3. Memory-Based Learning (Seconds to Minutes)

This is where many modern systems shift.

Instead of changing weights, they store information externally:

RAG (Retrieval-Augmented Generation)
CAG (Cache-Augmented Generation)
Vector databases
Engram-style memory modules

The model retrieves relevant memory per query.

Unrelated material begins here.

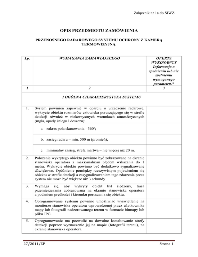Załącznik nr 1a do SIWZ OPIS PRZEDMIOTU ZAMÓWIENIA PRZENOŚNEGO RADAROWEGO SYSTEMU OCHRONY Z KAMERĄ TERMOWIZYJNĄ. Lp. WYMAGANIA ZAMAWIAJĄCEGO 1 2 OFERTA WYKONAWCY Informacja o spełnieniu lub nie spełnieniu wymaganego parametru.* 3 I OGÓLNA CHARAKTERYSTYKA SYSTEMU 1. System powinien zapewnić w oparciu o urządzenie radarowe, wykrycie obiektu rozmiarów człowieka poruszającego się w strefie detekcji również w niekorzystnych warunkach atmosferycznych (mgła, opady śniegu i deszczu): a. zakres pola skanowania - 360º; b. zasięg radaru – min. 500 m (promień); c. minimalny zasięg, strefa martwa – nie więcej niż 20 m. 2. Położenie wykrytego obiektu powinno być zobrazowane na ekranie stanowiska operatora z maksymalnym błędem wskazania do 1 metra. Wykrycie obiektu powinno być dodatkowo sygnalizowane dźwiękowo. Opóźnienie pomiędzy rzeczywistym pojawieniem się obiektu w strefie detekcji a zasygnalizowaniem tego zdarzenia przez system nie może być większe niż 3 sekundy. 3. Wymaga się, aby wykryty obiekt był śledzony, trasa przemieszczania zobrazowana na ekranie stanowiska operatora z podaniem prędkości i kierunku poruszania się obiektu. 4. Oprogramowanie systemu powinno umożliwiać wyświetlenie na monitorze stanowiska operatora wprowadzonej przez użytkownika mapy lub fotografii nadzorowanego terenu w formacie bitmapy lub pliku JPG. 5. Oprogramowanie ma pozwolić na dowolne kształtowanie strefy detekcji poprzez wyznaczenie jej na mapie (fotografii terenu), na ekranie stanowiska operatora. 27/2011/ZP Strona 1 Załącznik nr 1a do SIWZ 6. Wymagana jest weryfikacja sygnalizowanych naruszeń w strefie detekcji za pomocą kamer: termowizyjnej oraz optycznej, nakierowywanych automatycznie przez system na wykryty w strefie detekcji obiekt. Oprogramowanie kontrolujące kamery powinno umożliwić śledzenie obiektu oraz rejestrację wideo na rejestratorze wchodzącym w skład stanowiska operatora, z dyskiem twardym lub dysku komputera. Konstrukcja rejestratora musi umożliwiać demontaż dysku, ponadto: a. wymagana możliwość zapisu optymalizowana do wymagań monitoringu, kompresja na bazie H.264. b. wymagane oprogramowanie rejestratora zapewniające możliwość eksportu strumieni wideo na nośniki poprzez USB. c. wymagana pojemność dysku twardego zapewniająca archiwizację materiału wideo w okresie nie krótszym niż 14 dni dla jakości zapisu 4CIF/25 klatek/sek. 7. 8. 9. Wymaga się, aby komunikacja pomiędzy stanowiskiem operatora a modułem radaru i kamerami była zrealizowana za pomocą przewodów miedzianych lub światłowodów, musi być zapewniona możliwość wyniesienia stanowiska operatora na odległość nie mniejszą niż 200 metrów od modułu radarowego. Wykonanie modułu radarowego oraz kamer powinno zapewnić ich bezawaryjne i bezpieczne dla operatora działanie w różnych warunkach atmosferycznych, w tym intensywnego opadu deszczu i śniegu. - zakres temperatury pracy urządzenia: min. od - 20ºC do + 60ºC Oprogramowanie kontrolujące system oraz budowa i zastosowane rozwiązania techniczne powinny pozwolić na rozbudowę systemu o kolejne punkty radarowe. II KONSTRUKCJA SYSTEMU 1. System powinien składać się z: X a. głowicy radarowej; b. punktu kamerowego (dopuszcza się wspólne mocowanie z głowicą radarową); c. modułu zasilającego; 27/2011/ZP Strona 2 Załącznik nr 1a do SIWZ stanowiska operatora, w skład, którego wchodzą: d. i. monitor wyświetlający dane z radaru; ii. monitor wyświetlający obraz z kamer; iii. rejestrator; iv. manipulator sterujący głowicą punktu kamerowego; v. jednostka centralna z oprogramowaniem zarządzająca systemem. 2. Głowica radarowa i punkt kamerowy powinny być wyposażone w własny mobilny system podpór montażowych umożliwiający stabilną instalacje urządzeń w różnych typach podłoża, a także mieć możliwość zamocowania na wspólnej lub oddzielnej, przenośnej konstrukcji metalowej lub wysięgniku. 3. Obudowy głowicy radarowej, modułu zasilającego i punktu kamerowego powinny być wykonane w klasie ochrony minimum IP-67. 4. Wymaga się, aby w skład systemu wchodziło opakowanie transportowe pozwalające na bezpieczny transport samochodowy i lotniczy urządzeń oraz umożliwiło jego wygodne przenoszenie. Wymaga się, aby liczba zasobników zawierająca spakowany kompletny system nie przekroczyła 3 szt. III PUNKT KAMEROWY 1. 2. Wymagane jest, aby punkt kamerowy wyposażony był w głowicę obrotową zapewniającą prędkość obrotu (min. 180º/sek) umożliwiającą śledzenie szybko przemieszczających się obiektów. Kamera toru optycznego powinna umożliwić, co najmniej 25 krotny zoom optyczny. a. rozdzielczość przetwornika minimum CCD -752 x 582 piksele; 27/2011/ZP Strona 3 Załącznik nr 1a do SIWZ b. czułość min. – 1 lx (kolor), - 0,015 lx (mono); c. wymagany mechaniczny filtr IR; 3. Wymagane jest, aby moduł termowizyjny kamery posiadał rozdzielczość optyczną min. 320x240 pikseli i był zabezpieczony przed uszkodzeniem spowodowanym skierowaniem obiektywu na powierzchnię o temperaturze przekraczającej zakres pomiarowy przetwornika (np. słońce). 4. Wymagane jest zastosowanie w kamerze toru termowizyjnego niechłodzonego przetwornika (niechłodzony mikrobolometr). 5. Wymagane jest, aby punkt kamerowy posiadał możliwość niezależnego od automatycznego pozycjonowania, sterowania ręcznego za pomocą manipulatora ze stanowiska operatora. 6. Wymaga się, aby obraz z kamer wyświetlany był na dodatkowym monitorze na stanowisku operatora, o przekątnej min. 19”. IV ZASILANIE 1. Wymagane jest, aby główne zasilanie systemu było realizowane z jednofazowej sieci 230 V. Dotyczy to samego radaru z punktem kamerowym jak również stanowiska operatora. 2. Wymagane jest dostarczenie systemu z układem zasilania awaryjnego zapewniającym działanie systemu przez minimum 30 minut w przypadku wystąpienia przerwy w zasilaniu sieciowym. 3. Gwarancja na p

The brain stays stable. The notebook grows.

This learning:

Persists across restarts
Survives model upgrades
Does not cause forgetting
Is fast

4. In-Context Learning (Milliseconds)

This is temporary reasoning scaffolding.

Information exists only in the prompt window.

It:

Does not update weights
Does not persist across sessions
Is powerful but fragile
Suffers from context rot

This is working memory.

Why This Matters

Most discussions collapse all of this into “the model learned.”

But:

Updating weights risks forgetting
Updating memory does not
Updating prompts does not persist
Updating adapters can be modular and reversible

Continuous learning systems must coordinate all four.

Persistence Comparison

Mechanism	Persists Across Chat?	Persists Across Restart?	Persists Across Model Change?
Pretraining	Yes	Yes	No
Fine-tune	Yes	Yes	No
LoRA	Yes	Yes	Usually
Distillation	Yes	Yes	No
ICL	No	No	No
RAG	Yes	Yes	Yes
Engram	Yes	Yes	Yes
CAG	Yes	Yes	Yes

That last column is subtle but powerful for agents.

References

Concept	Paper
LoRA	LoRA: Low-Rank Adaptation of Large Language Models (Hu et al. 2021)
RAG	Retrieval-Augmented Generation for Knowledge-Intensive NLP Tasks (Lewis et al. 2020)
ICL	What Can Transformers Learn In-Context? (Garg et al. 2022)
Engram	Engram: Conditional Memory via Scalable Lookup (DeepSeek 2025)
DPO	Direct Preference Optimization (Rafailov et al. 2023)

Coming Next

In Part 2, we’ll examine the two fundamental failure modes that arise from confusing these layers: catastrophic forgetting and context rot.

Learning happens in layers of permanence.